◆ Work instructions
Pictures excluded, copy all of the data below exactly.

◆ Source material
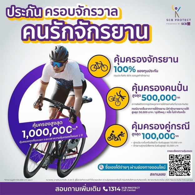 SCB Protect จับเทรนด์คนรักสุขภาพสายนักปั่นจักรยาน ส่งแผนประกันครอบจักรวาลคนรักจักรยาน คุ้มครองจักรยาน นักปั่น และคู่กรณี สูงสุด 1 ล้านบาท ด้วยเบี้ยเริ่มต้น 1,000 บาทต่อปี
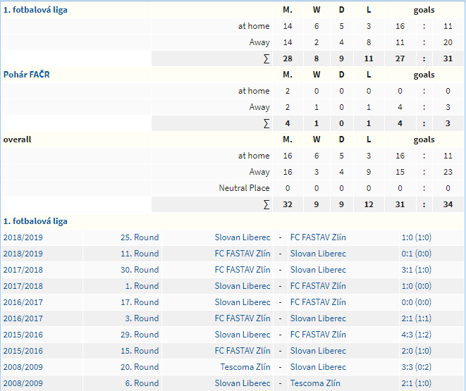 – 32 lần đối đầu: Fastav Zlin thắng 9 trận, hòa 9 trận và thua 12 trận. Ghi được 31 bàn và lọt lưới 34 bàn.
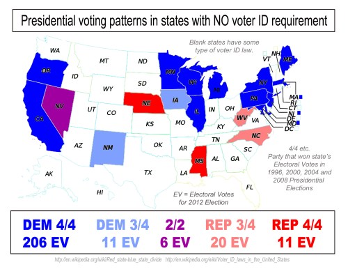 Thanks, Auntie. I just used the Wikipedia maps posted at the top. Running down all 50 states’ voter id laws and past voting patterns was wayyyyyyyyy more work than I cared for! LOL
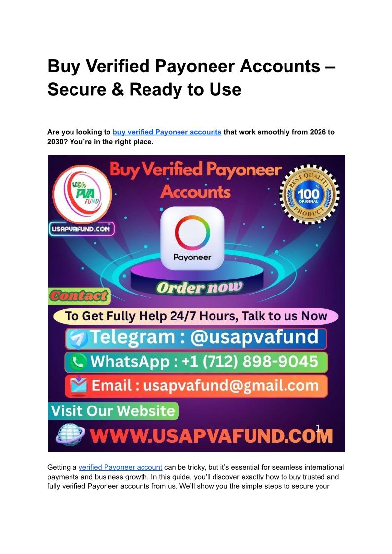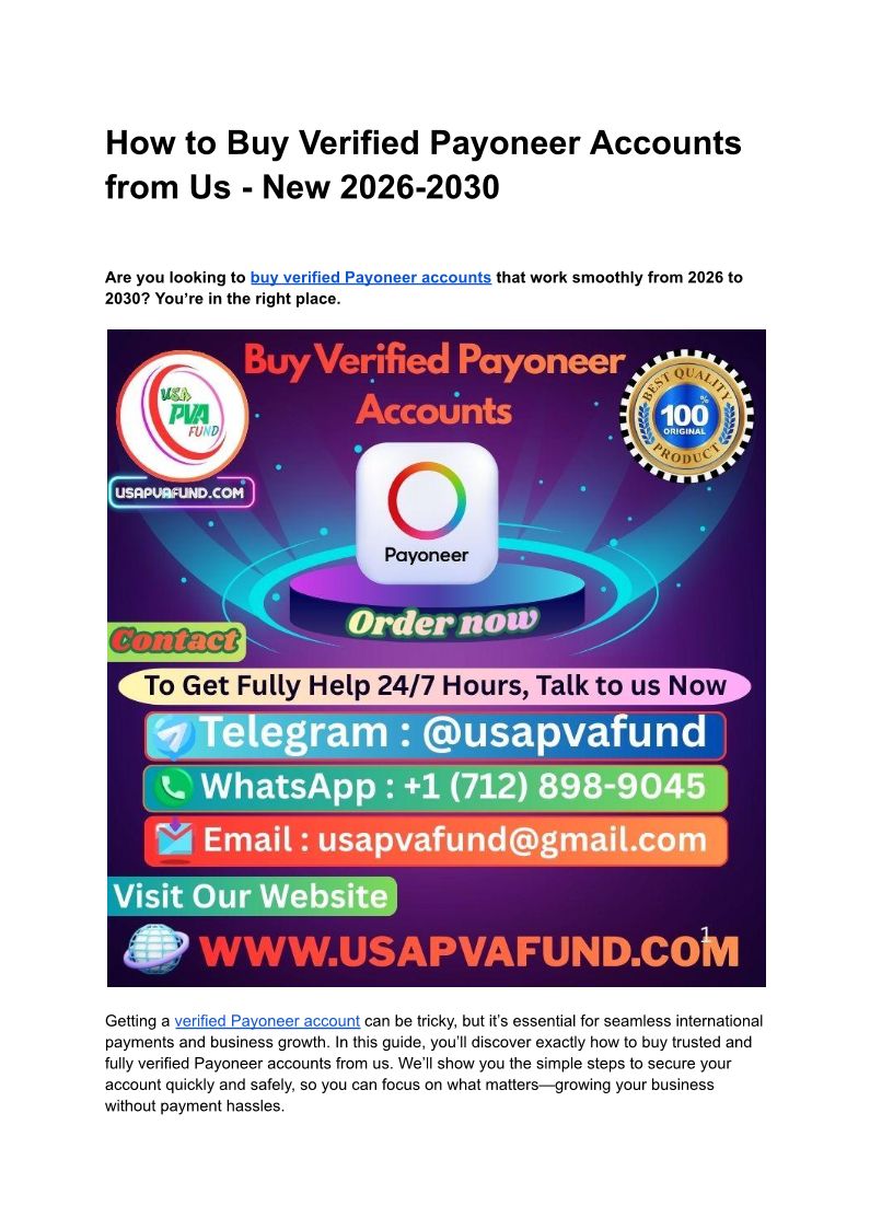 How to Buy Verified Payoneer Accounts from Us - New 2026-2030
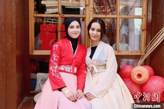 外國留學(xué)生體驗漢服。阮雅妮 攝
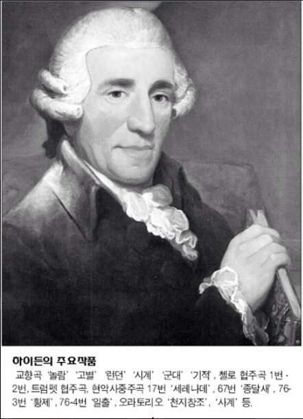 그 당시 ‘새로운 음악’이던 교향곡이 150편, 현악 4중주 곡이 70편, 그 밖에 거룩한 종교음악로부터 영주의 식사 때마다 연주하는 ‘식탁음악’에 이르기까지 그 수효는 실로 방대하다. ‘인생은 심각하게, 그러나 예술은 즐겁게’라는 전제군주시대의 예술풍조는 작곡가로 하여금 왕후귀족이 식후에 먹는 신선한 과일처럼 음악을 생산케 했던 것이다 – 신성 로마제국, 에스테르하치 카란타의 공작 바울 안톤 각하 밑에서. ‘교향곡의 아버지’로 불린 하이든에게 약간 어울리지 않는 아이러니한 고용주와 고용인의 관계가 아닌가 싶다.
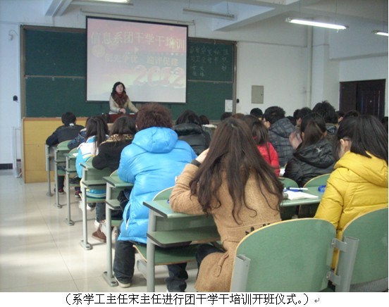 首先由信息系学工主任宋老师对此次团干学干培训进行开讲仪式,之后几天分别由信息工程系张首杰主任、宋虹主任为全体学生会及11级各班班干部进行培训,最后一天则由我系团总支书记胡筠对学生会各个部门的职能进行的讲解,同时与大家互相交流的工作经验。

◆ Solution for this exercise
 SCB Protect จับเทรนด์คนรักสุขภาพสายนักปั่นจักรยาน ส่งแผนประกันครอบจักรวาลคนรักจักรยาน คุ้มครองจักรยาน นักปั่น และคู่กรณี สูงสุด 1 ล้านบาท ด้วยเบี้ยเริ่มต้น 1,000 บาทต่อปี
 – 32 lần đối đầu: Fastav Zlin thắng 9 trận, hòa 9 trận và thua 12 trận. Ghi được 31 bàn và lọt lưới 34 bàn.
 Thanks, Auntie. I just used the Wikipedia maps posted at the top. Running down all 50 states’ voter id laws and past voting patterns was wayyyyyyyyy more work than I cared for! LOL
 How to Buy Verified Payoneer Accounts from Us - New 2026-2030
 外國留學(xué)生體驗漢服。阮雅妮 攝
 그 당시 ‘새로운 음악’이던 교향곡이 150편, 현악 4중주 곡이 70편, 그 밖에 거룩한 종교음악로부터 영주의 식사 때마다 연주하는 ‘식탁음악’에 이르기까지 그 수효는 실로 방대하다. ‘인생은 심각하게, 그러나 예술은 즐겁게’라는 전제군주시대의 예술풍조는 작곡가로 하여금 왕후귀족이 식후에 먹는 신선한 과일처럼 음악을 생산케 했던 것이다 – 신성 로마제국, 에스테르하치 카란타의 공작 바울 안톤 각하 밑에서. ‘교향곡의 아버지’로 불린 하이든에게 약간 어울리지 않는 아이러니한 고용주와 고용인의 관계가 아닌가 싶다.
 首先由信息系学工主任宋老师对此次团干学干培训进行开讲仪式,之后几天分别由信息工程系张首杰主任、宋虹主任为全体学生会及11级各班班干部进行培训,最后一天则由我系团总支书记胡筠对学生会各个部门的职能进行的讲解,同时与大家互相交流的工作经验。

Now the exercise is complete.